Sobre la forma de la ciudad


por Alberto Montealegre Beach


Preguntar por cuáles serían las características que nos permiten hablar de la «forma» de un objeto no es asunto trivial. Cuando decimos que algo es simple o complejo ya estamos aludiendo a la forma de esa cosa. La simplicidad sería aquella forma que podemos reconocer —como si se tratara de un volver a ver, como si la naturaleza nos adelantara la clave para entender su totalidad, la clave para discriminar entre lo esencial y lo accidental, para decidir qué debe estar primero y qué después, para el orden. Con aquello que llamamos complejo, por el contrario, no es que no podamos ver al todo, pero la decisión sobre qué es lo importante y qué lo superfluo en él queda en espera.
Desde un punto de vista estético (sea éste el de un artista o el de un científico), los objetos simples son una suerte de triunfo intelectual (y, tal vez por ello, muchas veces aburridores); los objetos complejos, en cambio, son sobre todo el resultado de un intento fallido, un enigma por superar o un misterio que desanima. Podríamos decir que «la naturaleza» es el nombre más antiguo de aquella idea del desafío: el desafío de la forma por desocultar, por describir, por «reconocer». Pero sucede que también el mundo de los objetos artificiales puede ofrecernos un desafío equivalente. No obstante se trate de nuestras creaciones, aveces éstas se escapan a nuestro control como si la naturaleza recuperara en ellas el manejo misterioso de sus procesos internos. Se escapa la forma; pero ahora no porque no sepamos cuál es la causa de su apariencia. Se escapa la forma porque descubrimos que no sabemos del todo de qué depende el que algo tenga eso que llamamos forma.

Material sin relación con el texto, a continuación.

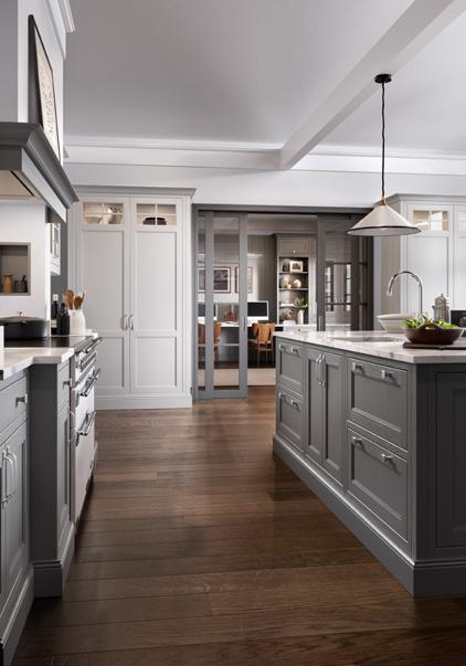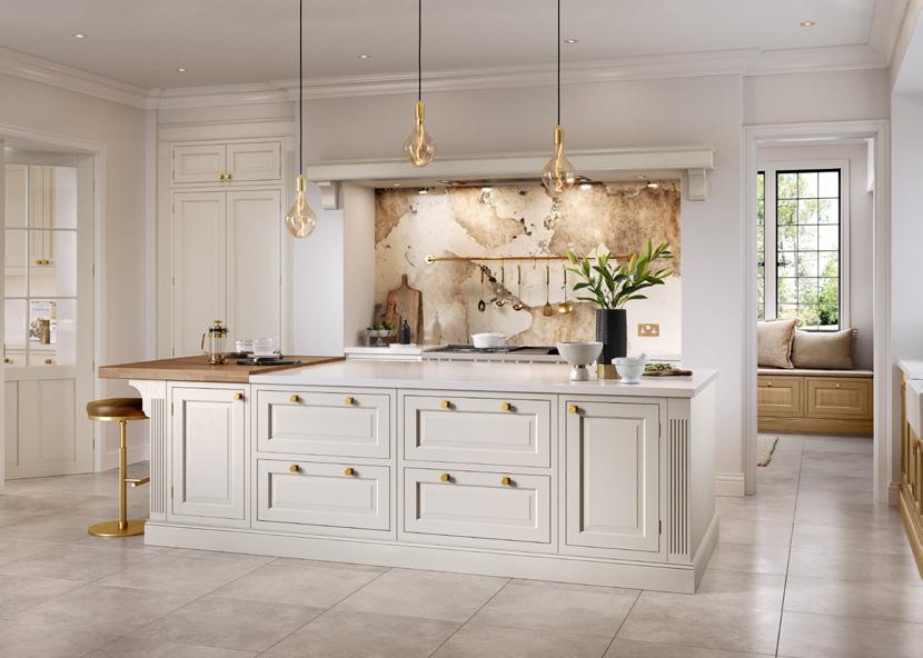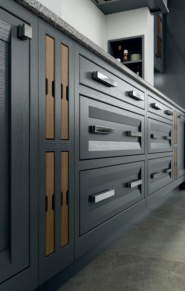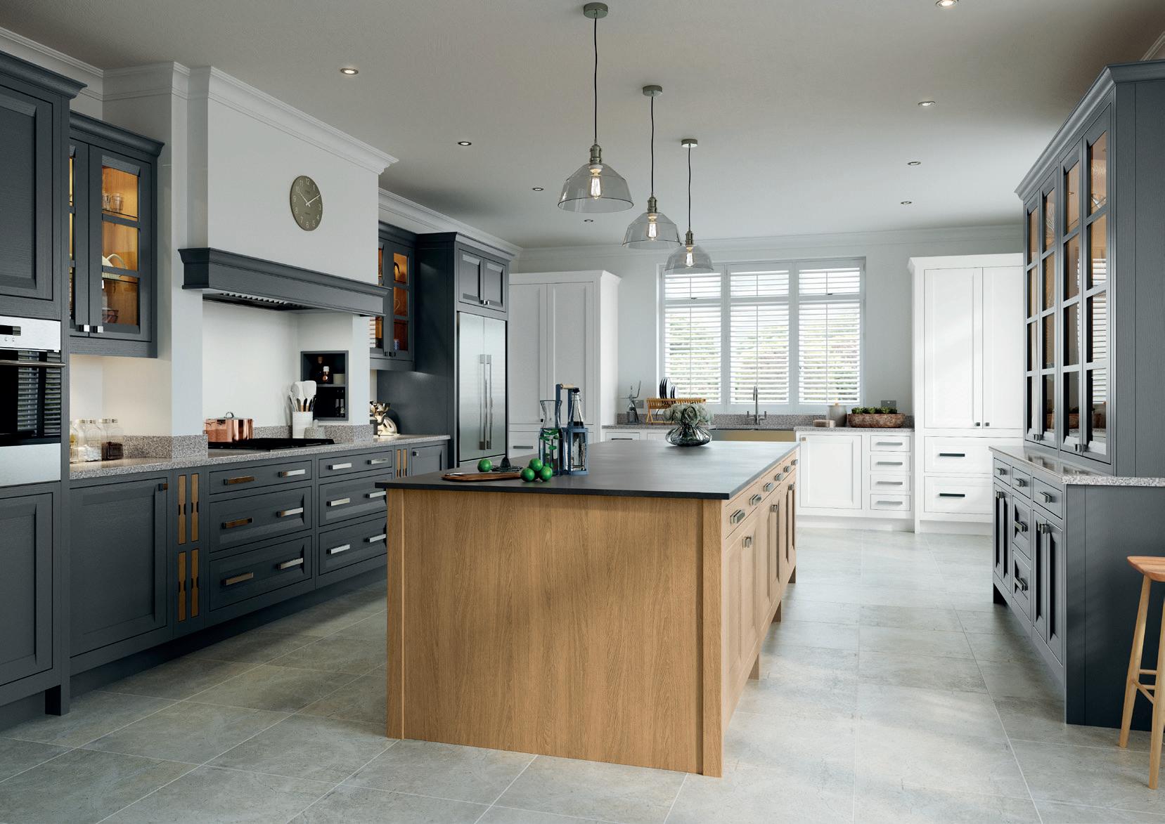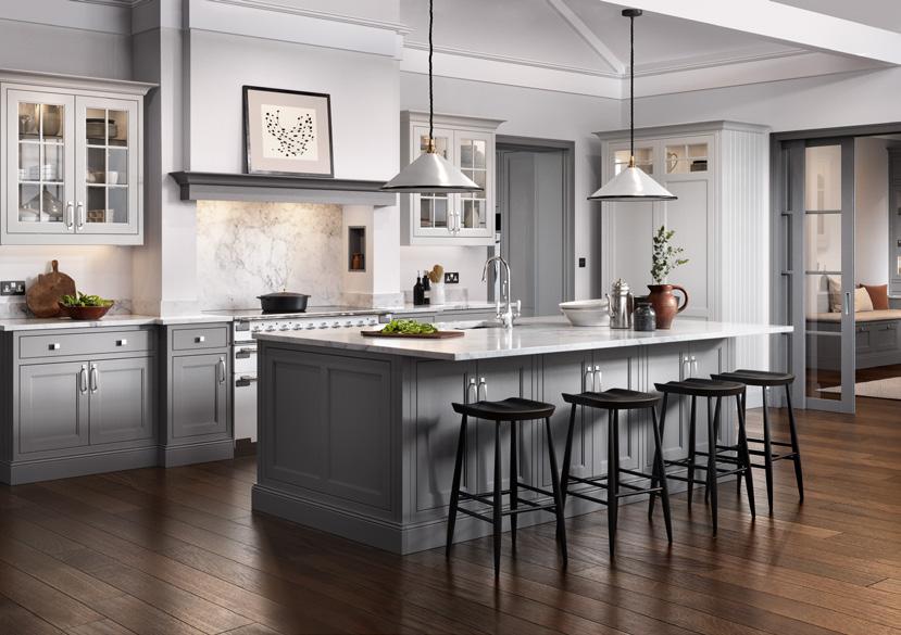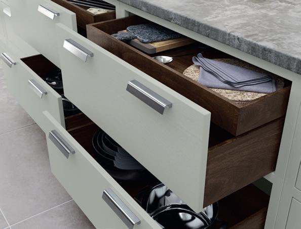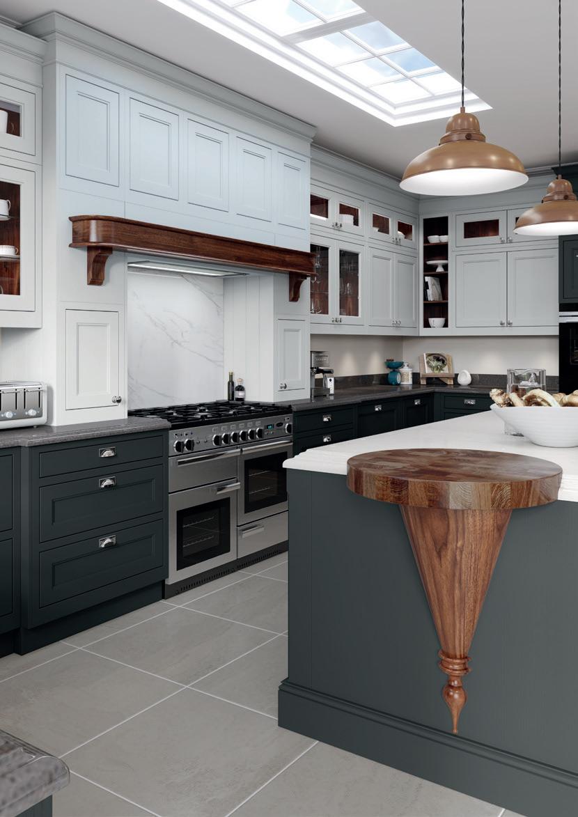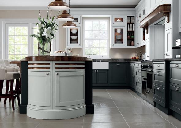 The kitchen shown here features Sutton painted Shell and Gun Metal Grey. The rich, luxurious Walnut finish used for several of the accessories contrasts exquisitely with its painted surroundings.
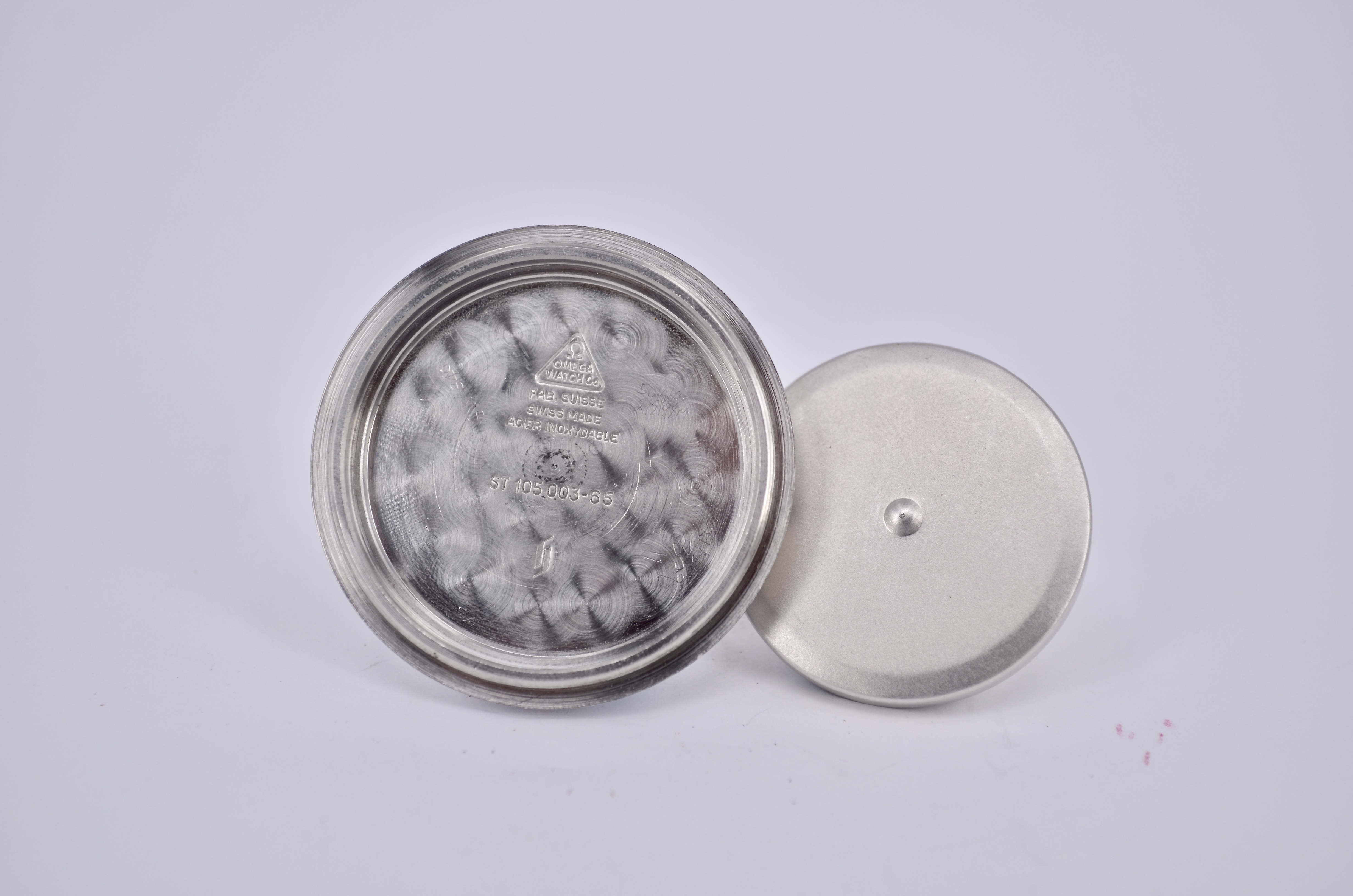 Case Back: Correct double bevel case back with Hippocampus stamped 105.003-65

La ciudad es uno de estos objetos complejos. ¿Cuál es la forma de ciudad? El objeto más grande construido por el hombre, ¿es el mero resultado de un proceso de acumulación de las construcciones o también obedece a un conjunto de reglas; a un cierto estilo del acumular edificios, calles, plazas, instalaciones? Los arquitectos desean poder diseñar la ciudad, pero no se da forma a una ciudad como a un edificio, ni se la usa del mismo modo.


 A pesar de su fuerte rendimiento figurativo, las metáforas biológicas ... que representan la ciudad como un organismo vivo, no han hecho más que confundir una discusión ecológica elemental con otra poética que quisiera encontrar un equilibrio fisiológico alienante en los sistemas urbanos. Es cierto que las avenidas pueden verse como arterias, que el flujo vehicular puede ser la sangre que irriga el organismo, que las áreas verdes son los pulmones y que el centro político-administrativo es el corazón. Pero esta vaga zoomorfización de la ciudad no ofrece mucho más que la inquetante advertencia de que, comparativamente, los organismo demasiado grandes de la historia de la biología han sido siempre los más propensos a la extinción cuando las condiciones ambientales se desordenan.

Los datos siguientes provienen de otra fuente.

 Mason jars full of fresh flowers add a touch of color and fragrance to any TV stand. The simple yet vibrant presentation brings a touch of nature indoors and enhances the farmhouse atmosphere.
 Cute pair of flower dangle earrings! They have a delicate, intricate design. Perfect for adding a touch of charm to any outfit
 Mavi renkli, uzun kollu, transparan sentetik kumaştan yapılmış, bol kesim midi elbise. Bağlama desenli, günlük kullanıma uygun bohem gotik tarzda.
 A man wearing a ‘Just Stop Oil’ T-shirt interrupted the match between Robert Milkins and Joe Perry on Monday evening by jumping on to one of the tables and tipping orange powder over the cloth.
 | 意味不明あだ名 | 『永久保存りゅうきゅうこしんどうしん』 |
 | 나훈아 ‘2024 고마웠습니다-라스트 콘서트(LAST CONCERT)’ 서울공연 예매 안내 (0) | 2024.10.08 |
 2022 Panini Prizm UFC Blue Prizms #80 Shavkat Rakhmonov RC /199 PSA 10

Útiles pero no suficientes son las habilidades de los matemáticos en este asunto de la forma. La cuadrícula del damero (el tablero de «damas») con la que los conquistadores españoles organizaron de manera instantánea las primeras ciudades de América, es el ejemplo más contundente de cómo la aplicación de reglas geométricas es, en una primera instancia, la herramienta fundamental del diseño artificial de una forma urbana. Podemos decir que la cuadrícula ­­—patrón, módulo, medida, escala y, sobre todo, referencia— es la herramienta para configurar un lugar claro y distinto en medio de la naturaleza, y de hacerlo disponible.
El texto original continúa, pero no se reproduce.